We were drinking our coffee in the morning as we usually do. Poured from a 4-cup ceramic French press that is completely impractical for boat living (yet somehow hasn’t broken yet) and sipped as we each write about the previous day’s events, emotions, expectations. We don’t talk as we do this. At least that’s the unspoken agreed upon rule. If you have something to say, you wait until the other is finished writing, doesn’t matter if it’s five minutes or an hour. This isn’t a long-standing tradition by the way, it’s newly adopted. Part new year’s resolution, part living on this thing that floats, new lifestyle resolution. We journal. Every morning.
After what felt like a particularly long time spent banging around on my keyboard – unwilling as I am to journal the traditional way with a pen and paper – I set my laptop aside. A sigh slipped out, a long audible one, the kind that he reads as anxiety or pent up stress but that escapes me entirely. “You should cook today. Do your thing.” He was talking about recipe-based work. Development, styling, photography, testing, writing. This blog.
It’s been five weeks since I’ve posted here. In many ways, some time to slow down has been necessary. This little Boat that we live on has required more tune-ups than I even knew was possible. And when the floor is flooding – from a busted potable water tank, from a broken hot water heater, from your 35-gallon (waste) holding tank (ew) – you do not worry about cooking. You do not think about your blog. You rip the floor boards up as quickly as your fingers allow, make sure that bilge pump is going at full power, and solve the problem. Often, with a surplus of latex gloves, a sweater pulled taught over your nose, and a lot of four-letter words.
Even more than all of that, though, I’ve felt spiritless both on here and in the kitchen. Disillusioned. Hopeless. Anxious. I worry that in leaving for this year spent cruising the Caribbean, I’m abandoning the country I’ve called home in perhaps its greatest time of need (at least in my lifetime). I worry that I’ll be so separated while we’re at sea that I’ll lose touch with the reality of what’s happening here–the reality that thousands upon thousands of good people are being hurt and harmed by the stroke of a pen. I worry that whether I’m spending a day cooking, or a year at sea, it will be taking away from all of the other more important things I should be doing or feeling.
But on that particular day, I cooked anyway.
That morning and on into the afternoon, I recipe tested three things that had been on the backburner and photographed two of them in my mom’s kitchen. One, a dinner recipe that is going to knock your socks off next week, the other this funnel cake here. Colorful with Mardi Gras’ traditional purple, green, and gold. Easier than your typical Mardi Gras King Cake. Celebratory enough for my 3 year blogiversary and 30th birthday, which, incidentally, both occur this very week. And with the sun setting and with powdered sugar smeared into the crevices of my camera body, I laughed a little as we argued over who got to eat the rogue, unphotogenic piece of barely burnt funnel cake with the extra glop of refined sugar.

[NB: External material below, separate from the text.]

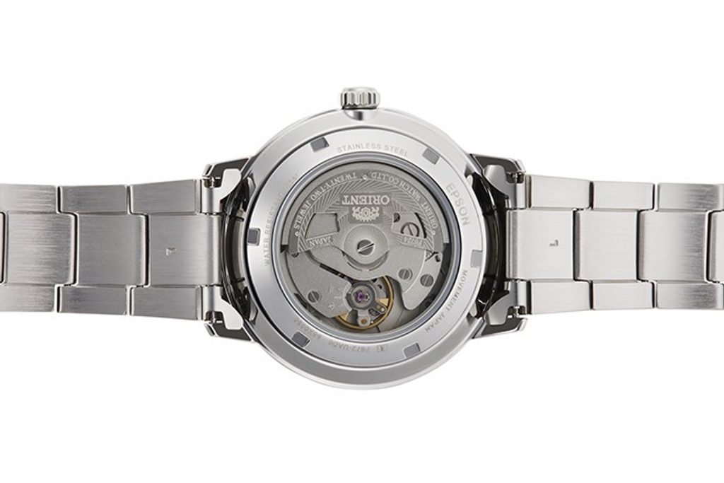 Pouzdro hodinek Orient RA-AC0E02S30B je vyrobeno z ušlechtilé oceli a v jeho nitru najdeme mechanický strojek Orient F6722, který je opatřen automatickým nátahem a rezervou chodu 40 hodin. Tento strojek disponuje také funkcí data, možností ručního nátahu a zastavením sekundové ručky při nařizování hodinek (tzv. hackingem). Činnost strojku, pracujícího na frekvenci 21600 polokmitů/hod. lze pozorovat díky průhlednému dýnku.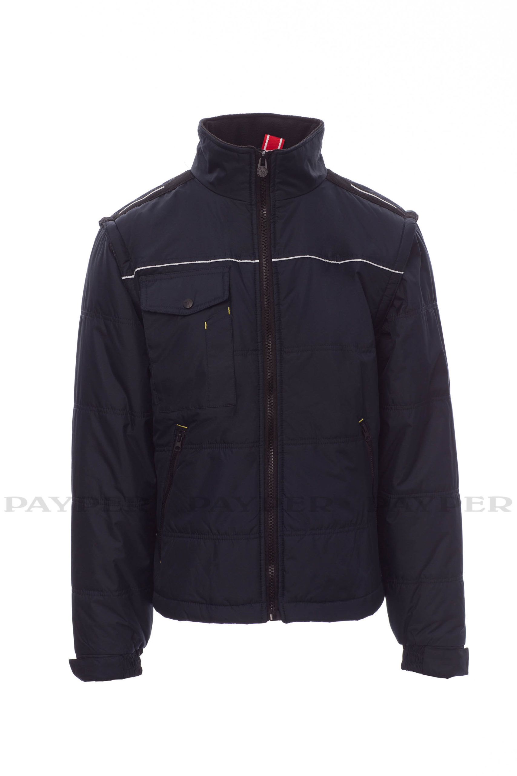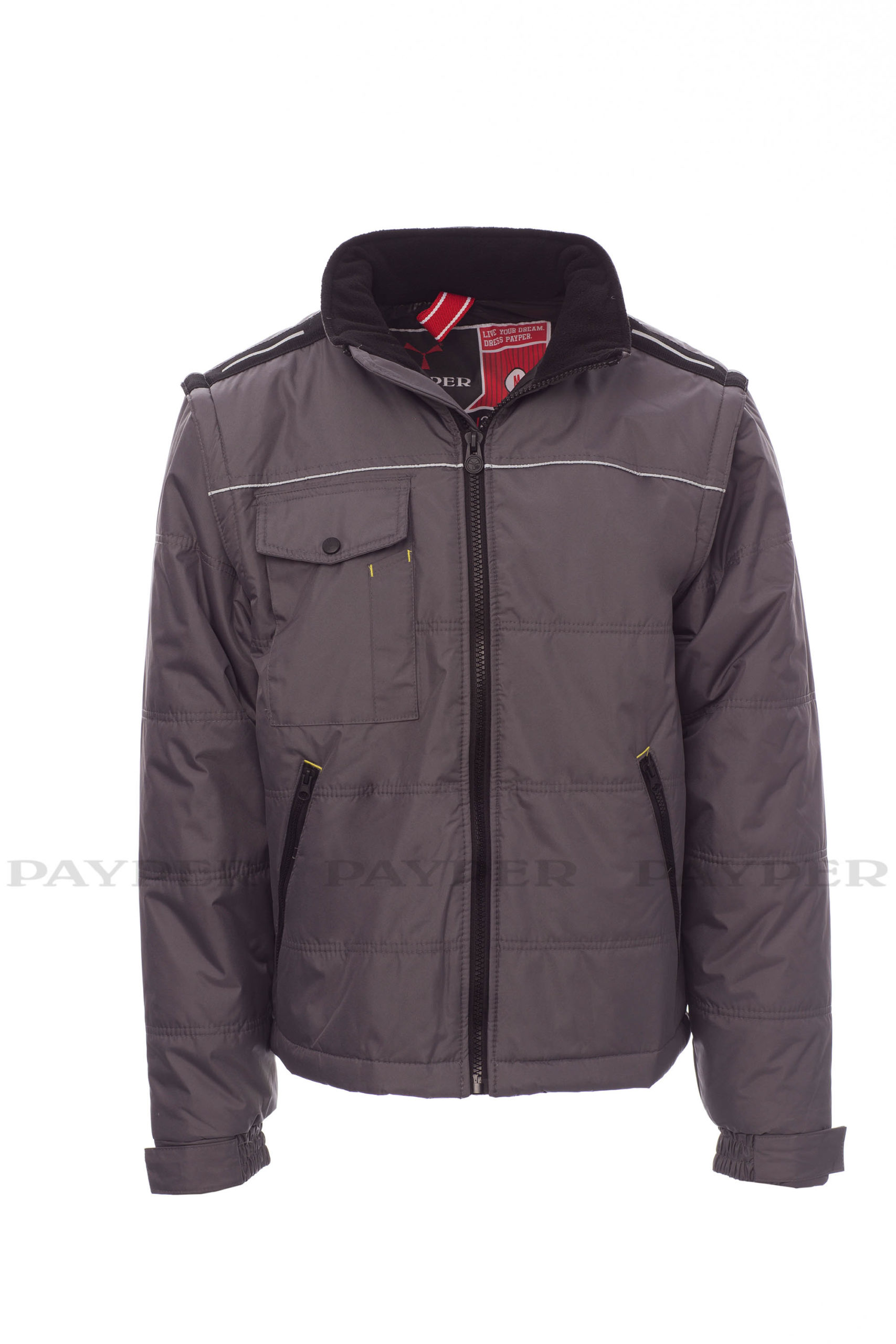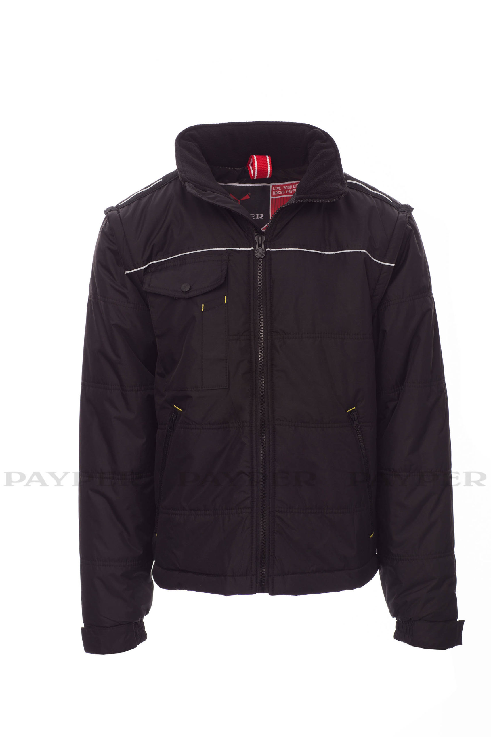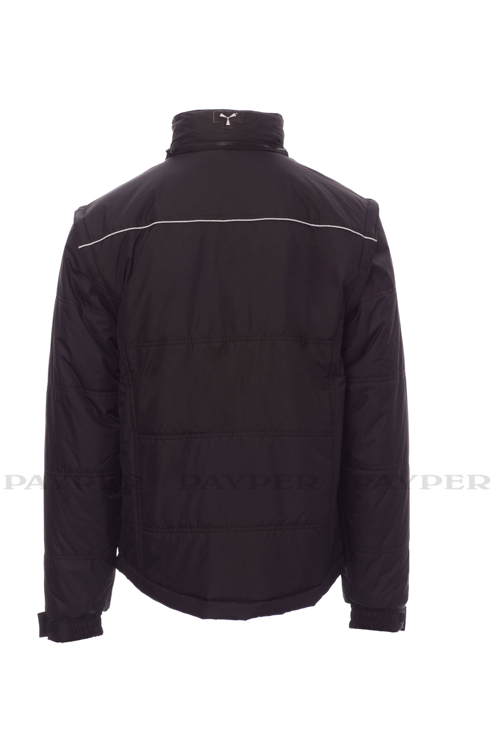 Herren-Jacke, abtrennbare Ärmel, abgerundeter Rücken, 8 mm Reißverschluss aus Kunststoff mit Metallschieber, einrollbare Kapuze, 2 geräumige Außentaschen mit Reißverschluss, große Brusttasche für das Smartphone, Ring zum Anhängen eines Ausweises, Reflex-Paspelierung auf der Brust und auf dem Rücken. Innenseite: Stepp- und High-Density-Futter, Krageninnenseite aus Fleece, 1 Tasche.

The next morning, I opened my laptop and wrote a short single-paragraph entry. It began with an exclamatory sentence about recipe testing and ended with “Damn, that felt good.” And in that moment it did.
- Canola oil, for frying
- 3 large eggs
- 2 cups and 3 tablespoons of whole milk, divided
- 1 teaspoon of vanilla extract
- 2-1/2 cups of all-purpose flour
- ¼ granulated sugar
- 2 teaspoons of baking powder
- 1 teaspoon of kosher salt or ½ teaspoon of regular table salt
- 2 teaspoons of ground cinnamon, divided
- ¼ cup of unsalted butter, melted
- 1 cup confectioners’ sugar
- Purple, green, and gold-dyed granulated sugar, about ½ cup of each
- Heat 3-4 inches of canola oil in a large dutch oven or fryer until oil reaches about 350 degrees F.
- Whisk together the eggs, 2 cups of milk, and vanilla extract. In a separate bowl, whisk together the flour, granulated sugar, baking powder, salt, and 1 teaspoon of cinnamon. Combine the liquid mixture to the flour mixture. Fold in melted butter.
- Add ¼ cup of batter to a funnel with a ½-inch opening and place your finger over the bottom hole of the funnel to plug it up. Move your funnel directly over the hot oil and allow batter to drop into hot oil. The batter should first sink to the bottom, then fairly quickly float to the surface. Without breaking the line of batter, gently move your hands in circles and spirals to create the characteristic textured pattern of a funnel cake until all ¼-cup of the batter has emptied the funnel. Fry for 1-2 minutes until golden brown on the bottom, then flip and fry another 1-2 minutes. Funnel cakes should be just golden brown and puffed up. Set aside on paper towels to drain while you finish the rest of the cakes.
- In a small mixing bowl, whisk together the remaining 3 tablespoons of milk with the remaining 1 teaspoon of cinnamon and 1 cup of confectioners sugar. Whisk until smooth. Drizzle over funnel cakes and then sprnkle each with a pattern of purple, green, and gold sugar.